Le portage salarial est un statut qui vous permet d’exercer une activité de conseil en totale indépendance, tout en étant salarié d’une société de portage. Cette dernière gère l’intégralité de votre administratif (contrats, facturation, fiches de paie) pendant que vous vous concentrez sur vos missions. Liberté et sécurité dans le même package.
Quels sont les inconvénients du portage salarial ?

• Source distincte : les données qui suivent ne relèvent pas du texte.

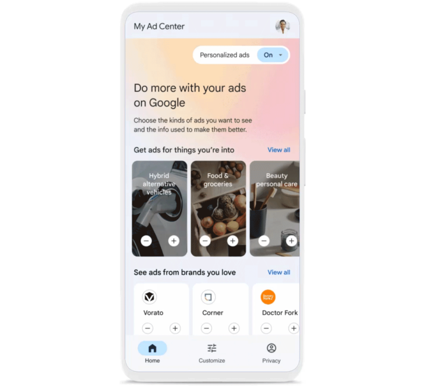広告の表示頻度の変更や広告の種類を選択することができるようになり、YouTube、検索、Discover に表示される広告についてユーザー自身のデータがどのように使用されるのかを指定できるようになります。
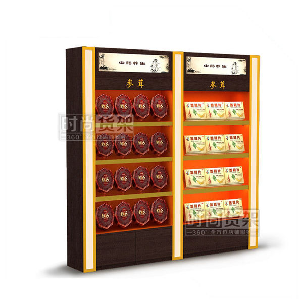 藥店貨架_參茸前柜(紅櫻桃木紋)
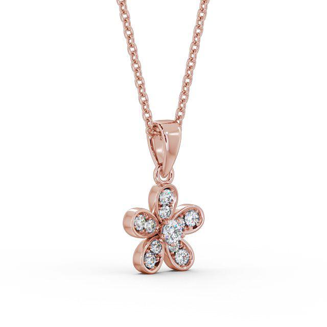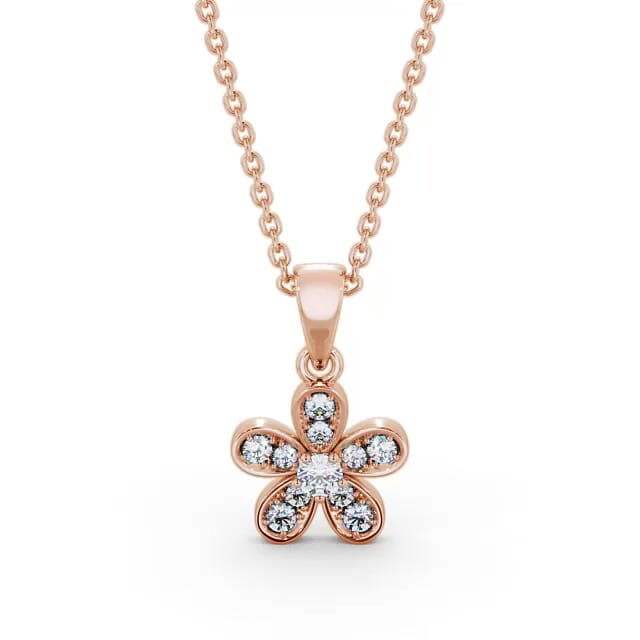 Kameron floral shaped diamond pendant in 18K Rose Gold. Elegant and charming, this flower pendant boasts a sparkling round diamond in the centre accompanied by round diamond studded petals. This pendant is available in a range of metal and chain options with your choice of natural or lab grown diamonds. We offer a free design service for any customised changes that you may require.
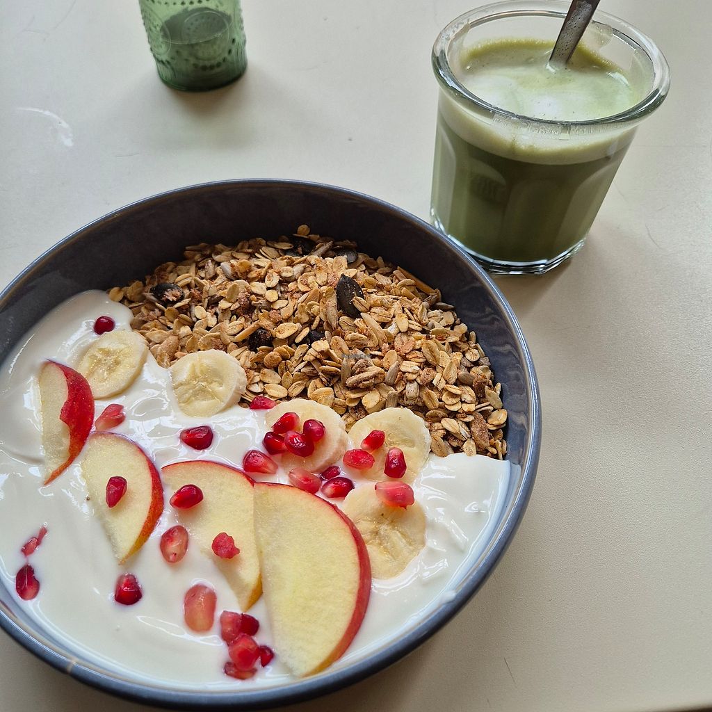 Extra: home made granola with soy yoghurt an fresh fruits (5,90€)
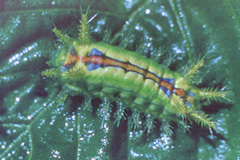 写真1 老齢幼虫、体長11mm。中川、シラカンバ。2000/8/24。  |
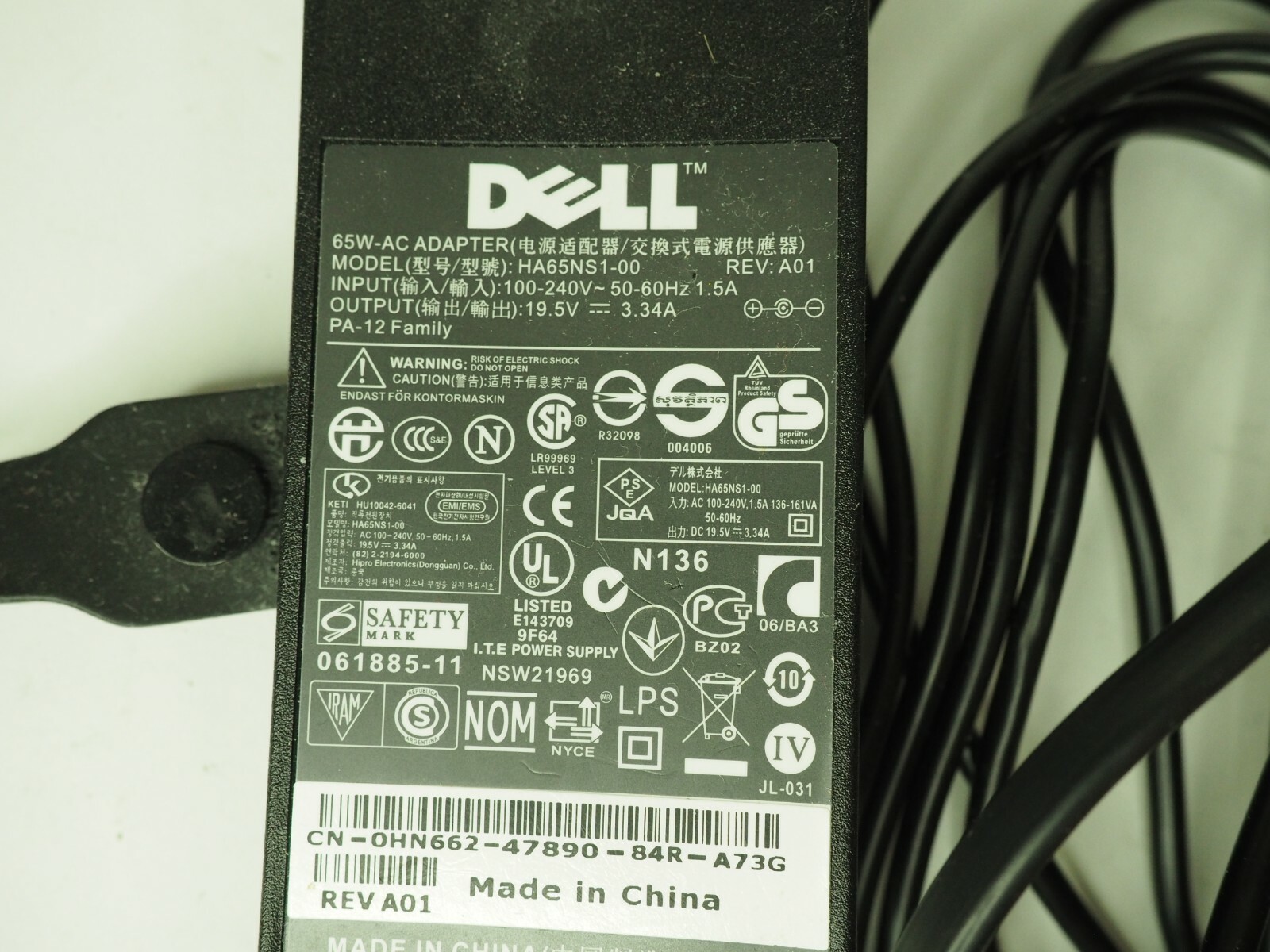 как выглядит Dell 65W-AC Adapter 19.5V HA65NS1-00 OEM Laptop Charger Power Adapter фото
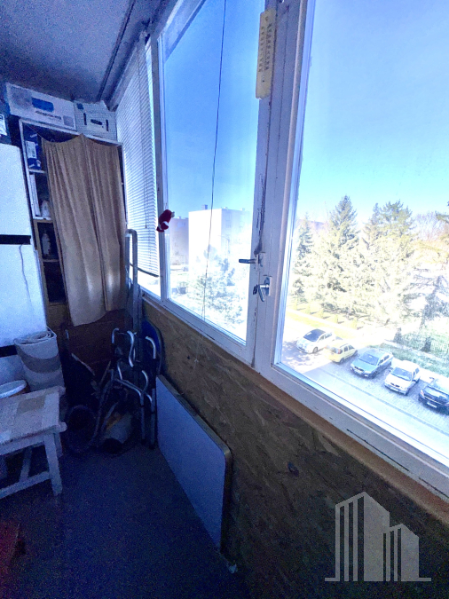 A kisebbik szoba beépített erkélyes, keleti tájolású, parkra, zöld környezetre néz.
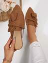 2025年秋季女士尖头平底一脚蹬平底鞋,蝴蝶结装饰,松紧带设计,卡其色,优雅休闲镂空舒适乐福鞋
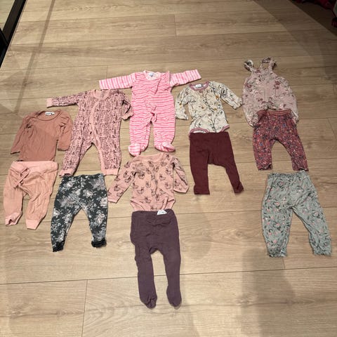 4 gensere, 3 tskjorte/singlett, 3 smekker, 6 body, 6 kjoler, 6 strømpebukser 1 pysj, 3 sommerpysj, 5 bukser, 2 luer, 1 shorts
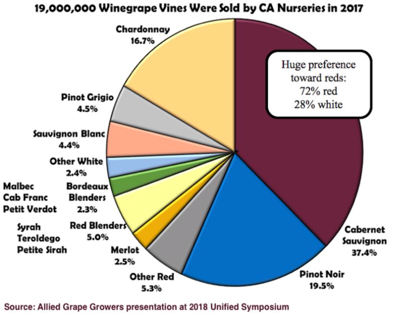 Pinot Noir vines sold by nurseries in California in 2017 were second only to Cabernet Sauvignon indicating
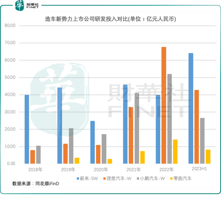 自蔚来创立以来,李斌一直强调长期主义,以此走上了以创新驱动未来的发展战略。在研发领域,蔚来认为拥有核心科技才能立于不败之地,为此挥金如土,出手阔绰。根据统计,2018年以来,除了2022年研发投入低于理想(02015.HK)(LI.US)和小鹏(09868.HK)(XPEV.US),蔚来其他年份的研发投入均显著超过其他造车新势力上市企业。

Les principaux inconvénients du portage salarial concernent certains profils spécifiques : les consultants avec un TJM faible (moins de 250 €/jour) pour qui les frais de gestion peuvent peser sur la rentabilité, et ceux qui exercent des activités réglementées incompatibles avec le cadre légal du portage. Par ailleurs, la société de portage ne vous apporte pas de clients : la prospection reste entièrement de votre ressort.
Pourquoi faire du portage salarial ?
Le portage salarial séduit pour trois raisons principales : une protection sociale complète (retraite, mutuelle, chômage), une absence totale de gestion administrative, et la possibilité de démarrer son activité sans créer de société. C’est le statut idéal pour les cadres en reconversion et les consultants qui veulent conjuguer liberté et tranquillité d’esprit.
Comment se rémunère une société de portage salarial ?
Une société de portage salarial prélève des frais de gestion, généralement compris entre 5 % et 10 % de votre chiffre d’affaires HT. En contrepartie, elle prend en charge l’ensemble de vos obligations administratives : facturation, contrats, déclarations sociales, bulletins de salaire et assurance RC Pro. Un échange plutôt équilibré.
Le portage salarial ouvre-t-il droit au chômage ?
Oui, et c’est souvent la bonne surprise. En portage salarial, vous cotisez à l’assurance chômage comme tout salarié. Si votre activité s’interrompt, vous pouvez prétendre aux allocations chômage (ARE) sous réserve d’avoir travaillé suffisamment longtemps et d’être inscrit à France Travail. C’est l’un des avantages majeurs du statut par rapport à l’auto-entrepreneur ou au dirigeant de SASU.